That scanner example you gave me is brilliant. Its worth sharing the results to show not only how to transmit constant carrier, but also how to use the receiver to monitor activity in the WiFi spectrum. I'm very impressed.
The nRF24L01+ device has a built-in low noise amplifier. So with just a short quarter wave stub antenna, it can pickup any local WiFi activity that may be taking place. The sketch first prints details of the device itself, but then goes on to display a complete scan of the 2.400 to 2.525 GHz spectrum.
You have to be aware that this Tx/Rx module is not directly WiFi compatible.

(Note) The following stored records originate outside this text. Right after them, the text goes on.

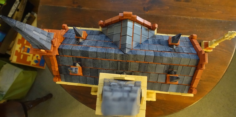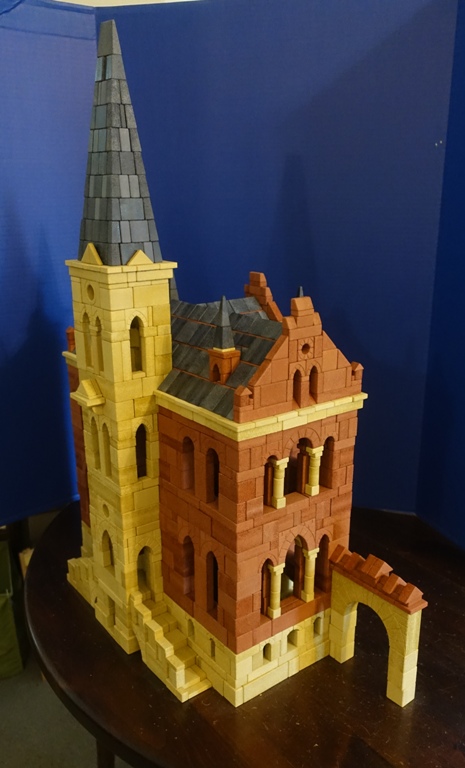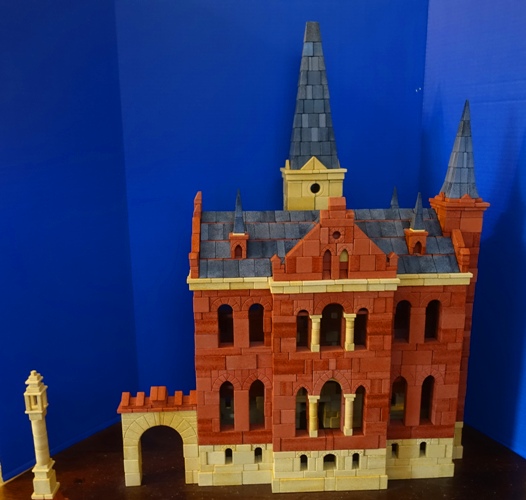 The tower reaches to almost three feet. There is a lot of detail in the building and it was a challenge to build in some spots.
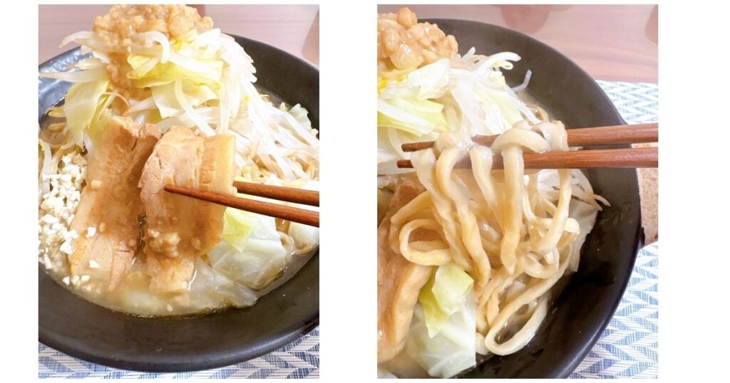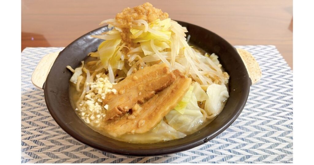 味がしっかり染み込んだチャーシューや、野菜・ニンニクとの相性も抜群で、満足度の高い一杯に仕上がっています。
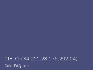 CIELCh 34.251,28.176,292.04 Color is a normal blue color and the nearest color is East Bay #414c7d. Hex code #494d7a and RGB value is rgb(73,77,122). In RGB color space, this color is composed of 29% red, 30% green, 48% blue, In CMYK color space, this color is composed of 40% cyan, 37% magenta, 0% yellow , 52% black , In HSL color space, this color has a hue angle of 235° , 25% saturation and 38% lightness.
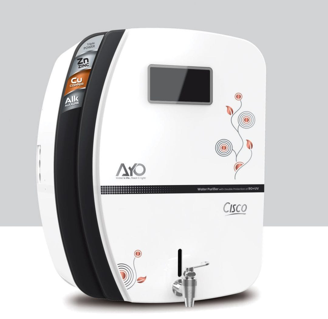 AYO Cisco White Model is a premium Alkaline RO Water Purifier with 7-stage advanced purification (RO + UV + UF + TDS Controller). Its stylish design, 12L storage, and mineral enrichment (Calcium, Magnesium, Zinc & Copper) ensure safe, tasty, and healthy water for your family every day.
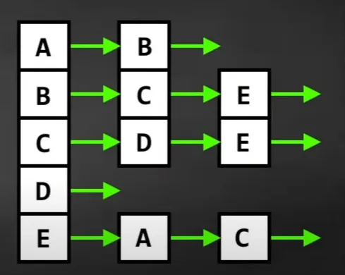 Represent graph with a collection of linked lists, where the first element in each list correspond to a vertex in the graph, and the following elements correspond to the neighboring vertex.
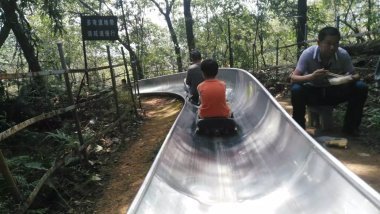 下山的时候可以不用爬,坐滑道,超级刺激。直接滑到上山的地方,35一个人,真的很有意思,超级值得一去的哟。我也真的是完全不想去爬了。
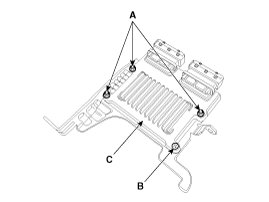 6. After removing the installation nuts (A), and screw (B), remove the ECM (C) from the bracket.
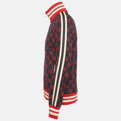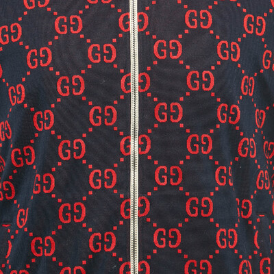 Gucci’s zip up jacket in navy blue GG jacquard cotton knit blends sportswear ease with heritage branding. The iconic pattern covers a sleek silhouette designed for layering. Perfect over jeans for a luxury streetwear look or teamed with matching joggers for a coordinated set.
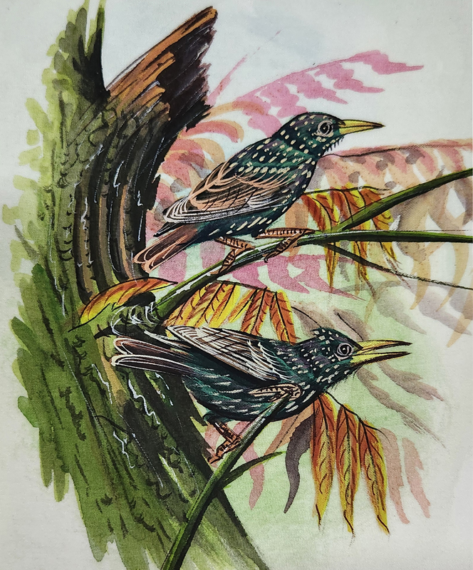 A vibrant watercolor painting depicting two starlings perched on colorful foliage

So it won't talk to a WiFi router, or decode WiFi packets. The radio channel numbers mentioned differ from WiFi channel numbers, and the modulation used is also different. The module uses GFSK modulation and has channel numbers that are 1 MHz wide, so there are a total of 126 channels going from 2.400 GHz to 2.525 GHz.

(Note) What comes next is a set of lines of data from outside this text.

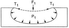 도 17b는 공기 주머니(16)에 인가되는 소량의 힘을 모시적으로 예시한다.  예컨대, 사람이 정지하여 서있고, 외력으로 표현된 외력 F1이 뒷꿈치의 종골에 의해 공기 주머니(14)에 인가된다.  도 17b에 도시된 바와 같이, 외력 F1은 제1 주표면(18)을 어느 정도 하향 만곡되게 하고, 공기 주머니(14) 내의 체적이 감소되며, 이로 인해 압력이 압력 P1으로 증대된다.  또한, 제1 주표면(18)이 활 모양으로 휘어지는 것에 의해, 제1 주표면(18)에서의 인장이 T1으로 증대된다.  이 도면에 예시되어 있지는 않지만, 외력 F1 - F3이 인가될 때 엘라스토머 재료(13)도 압축된다.  하향 외력에 의한 발포 재료(13)의 압축과 공기 주머니(16) 내의 압력 증대가 협력하여, 발포 재료의 벽을 안정화시키는데 기여한다.17B exemplarily illustrates a small amount of force applied to the
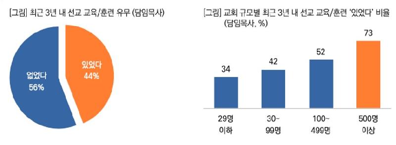 - ¸ñȸÀÚ 44%, ÃÖ±Ù 3³â ³» ¼±±³ ±³À°∙ÈÆ·Ã ½Ç½Ã! ¡Ü ¸ñȸÀÚ(´ãÀÓ¸ñ»ç)¸¦ ´ë»óÀ¸·Î ÃÖ±Ù 3³â ³» ¼±±³ ±³À°/ÈÆ·ÃÀ» ½Ç½ÃÇß´ÂÁö¸¦ ¹°Àº °á°ú, ¡®ÀÖ¾ú´Ù¡¯ 44%, ¡®¾ø¾ú´Ù¡¯ 56%·Î ³ªÅ¸³µ´Ù. ¡Ü ±³È¸ ±Ô¸ðº°·Î´Â ±Ô¸ð°¡ Ŭ¼ö·Ï ¼±±³ ±³À° °æÇè·üÀÌ ³ô¾ÆÁö´Â °æÇâÀ» º¸¿´´Ù. 500¸í ÀÌ»ó ±³È¸ÀÇ 73%°¡ ±³À°À» ½Ç½ÃÇÑ ¹Ý¸é, 29¸í ÀÌÇÏ ±³È¸´Â 34%¿¡ ºÒ°úÇØ, ¼ÒÇü±³È¸ÀÇ ¼±±³ ÈÆ·Ã Á¢±Ù¼ºÀÌ »ó´ëÀûÀ¸·Î ³·Àº Çö½ÇÀ» ¹Ý¿µÇÑ´Ù.
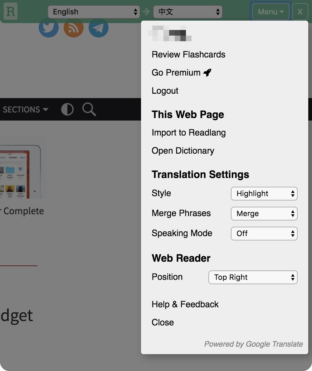 在 Readlang Web Reader 的设置中,你可以选择翻译对象、标注样式等。用 Google 账户登录后,你还可以解锁整句翻译、生词卡等高级功能。

The example sketch will auto scan every channel in turn (0 - 125) and then display the received channel signal strength as a hex digit (0 - F). Here is a sample scan that I made this evening...
Where I have annotated the picture with an arrow, you can see the point where I switched on the constant carrier on channel 40 from a second nRF24L01 module, placed only a few feet away. But noticed that there is radio signal activity received before it was switched on.
Notice too that there is no radio signals appearing above Channel 100. This is equivalent to 2.500 GHz, which is beyond the WiFi channels (WiFi CH14 = 2.484 GHz).
My construction for this experiment is shown below. I built the plywood bases originally to use for the ADF4351 Signal Generator modules, but I decided to use the same SPI bus for the nRF24L01 modules. I use different pins for Chip Select etc, and switched the SPI clock from pin 13 to pin 14, but it worked a treat on first switch on.